The process of hackers using darknet markets to launder cryptocurrency can be roughly divided into the following steps:
1. Find buyers on darknet markets: Hackers will look for buyers who want to buy cryptocurrencies on darknet markets. There are many tools and services for anonymous transactions on these markets, making it easier for hackers to conduct transactions while reducing the risk of being discovered.
2. Laundering-ready cryptocurrencies: Hackers need to have cryptocurrencies they obtain from illicit activities ready to move funds quickly at the time of transaction while reducing the risk of transactions being traced.
3. Complete the transaction: The hacker will complete the transaction through anonymous transaction tools and services on the dark web market, transferring the cryptocurrency to the buyer's address. These transactions may involve multiple cryptocurrencies and payment methods.

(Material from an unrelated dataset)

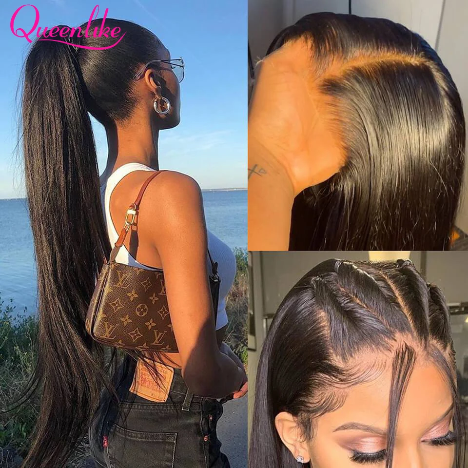 Парик из натуральных бразильских прямых волос, 40, 30 Дюймов, 5x5, 6x6, с застежкой, для чернокожих женщин, 13x6

4. Transfer laundered proceeds to legitimate channels: Hackers need to transfer the cryptocurrencies they get from darknet markets to legitimate channels so that they can use these funds for daily life and business activities. This may include converting cryptocurrencies to fiat currency, or investing them in other legal assets.
Cleaning with Proxy Accounts
Hacker groups may use proxy accounts to avoid being tracked. These agency accounts may be held by overseas associates or overseas students.
The following are possible proxy account money laundering techniques:
Money laundering through control of other people's accounts: The government or its agents may take control of other people's bank accounts to launder money. These controlled accounts may be overseas compatriots or closely related personal accounts.
Buying a ready-made proxy account: Another possibility is to buy a pre-existing proxy account. These accounts may be created and held by overseas associates or overseas agents.
Creation of Fake Companies and Accounts: Fake companies and accounts may be created and used as proxy accounts for money laundering. Such tactics usually involve false identities, addresses and contact information to evade supervision and scrutiny.